If we want to read from a url but we want more control over the http request, for example sending a POST request or modifying the request header or reading the response header, we can use the requests library to fetch the data as a string.

In [4]:
import requests
import io

my_url = "https://www.cl.cam.ac.uk/teaching/current/DataSci/data/iris.csv"
data = requests.get(my_url).content.decode('utf8')
df = pandas.read_csv(io.StringIO(data))

Parsing log files with regular expressions¶

A typical line from a web server log might look like this

207.46.13.169 - - [27/Aug/2017:06:52:11 +0000] "GET /marcus/essay/st&h2.html HTTP/1.1" 200 3881 "-" "Mozilla/5.0 (iPhone; CPU iPhone OS 7_0 like Mac OS X) AppleWebKit/537.51.1 (KHTML, like Gecko) Version/7.0 Mobile/11A465 Safari/9537.53 (compatible; bingbot/2.0; +http://www.bing.com/bingbot.htm)"

where (according to the Apache web server documentation) the pieces are

  • 207.46.13.169

The IP address that made the request

  • -

The identity of the client; - means not available

  • -

The userid of the logged-in user who made the request; - means not available

  • [27/Aug/2017:06:52:11 +0000]

The time the request was received

  • "GET /marcus/essay/st&h2.html HTTP/1.1"

The type of request, what was requested, and the connection type

  • 200

The http status code (200 means OK)

  • 3881

The size of the object returned to the client, in bytes

  • -

The referrer URL; - means not available

  • "Mozilla/5.0 (...)"

The browser type.

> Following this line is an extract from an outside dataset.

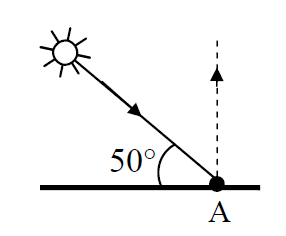 Высота Солнца над горизонтом (см. рисунок) равна 50°. Каков угол падения луча на плоское зеркало, расположенное под некоторым углом к горизонту в точке А, если луч отразился от зеркала вертикально вверх? 1) 40° 2) 90° 3) 20° 4) 50°

The substring bingbot here tells us that the request comes from Microsoft Bing's web crawler.

To extract these pieces from a single line of the log file, the best tool is regular expressions, a mini-language for string matching that is common across many programming languages. The syntax is terse and takes a lot of practice. I like to start with a small string pattern and incrementally build it up, testing as I go.

In [5]:
import re    # standard Python module for regular expressions

s = """
207.46.13.169 - - [27/Aug/2017:06:52:11 +0000] "GET /marcus/essay/st&h2.html HTTP/1.1" 
200 3881 "-" "Mozilla/5.0 (iPhone; CPU iPhone OS 7_0 like Mac OS X)
AppleWebKit/537.51.1 (KHTML, like Gecko) Version/7.0 Mobile/11A465 Safari/9537.53
(compatible; bingbot/2.0; +http://www.bing.com/bingbot.htm)"
"""

# First attempt: match the first two items in the log line.
# If my pattern is right, re.match returns an object.
# If my pattern is wrong, re.match returns None.
pattern_test = r'\s*(\S+)\s*(\S+)'
re.match(pattern_test, s)
Out[5]:
<re.Match object; span=(0, 16), match='\n207.46.13.169 -'>
In [6]:
# This is the full pattern I built up to. Python lets us add verbose comments
# to the pattern, which is handy for remembering what your code does when you look
# at it the next morning.
pattern = r'''(?x)  #   flag saying that this pattern has comments
\s*                 #   any whitespace at the start of the string
(?P<ip>\S+)         # one or more non-space characters: the IP address
\s+                 #   one or more spaces
(?P<client>\S+)     # the client identity
\s+
(?P<user>\S+)       # the userid
\s+
\[(?P<t>[^\]]*)\]   # [, then any number of not-] characters, then ]: the timestamp
\s+
"(?P<req>[^"]*)"    # ", then any number of not-" characters, then ": the request string
\s+
(?P<status>\d+)     # one or more numerical digits: the http status code
\s+
(?P<size>\d+)       # one or more numerical digits: the size
\s+
"(?P<ref>[^"]*)"    # the referrer URL
\s+
"(?P<ua>[^"]*)"     # the user agent i.e. browser type
'''
m = re.match(pattern, s)
m.groupdict()       # returns a dictionary of all the named sub-patterns
Out[6]:
{'ip': '207.46.13.169',
 'client': '-',
 'user': '-',
 't': '27/Aug/2017:06:52:11 +0000',
 'req': 'GET /marcus/essay/st&h2.html HTTP/1.1',
 'status': '200',
 'size': '3881',
 'ref': '-',
 'ua': 'Mozilla/5.0 (iPhone; CPU iPhone OS 7_0 like Mac OS X)\nAppleWebKit/537.51.1 (KHTML, like Gecko) Version/7.0 Mobile/11A465 Safari/9537.53\n(compatible; bingbot/2.0; +http://www.bing.com/bingbot.htm)'}

How do we extract the fields from a full log file? The vanilla Python code is

with open(myfile) as f:
    for line in f:
        m = re.match(pattern, line)
        # store the fields from m.groups() or m.groupdict() somewhere appropriate

Alternatively, numpy has a handy shortcut for reading in an entire file and splitting it via a regular expression:

In [9]:
# Split the file into an array, one row per line, one column per field in the pattern
t = [('ip',str,30), ('client',str,10), ('userid',str,10), ('timestamp',str,80), 
     ('req',str,300), ('status',int), ('size',int), 
     ('ref',str,300), ('uagent',str,300)]
df = np.fromregex('data/webaccess_short.log', pattern, dtype=t)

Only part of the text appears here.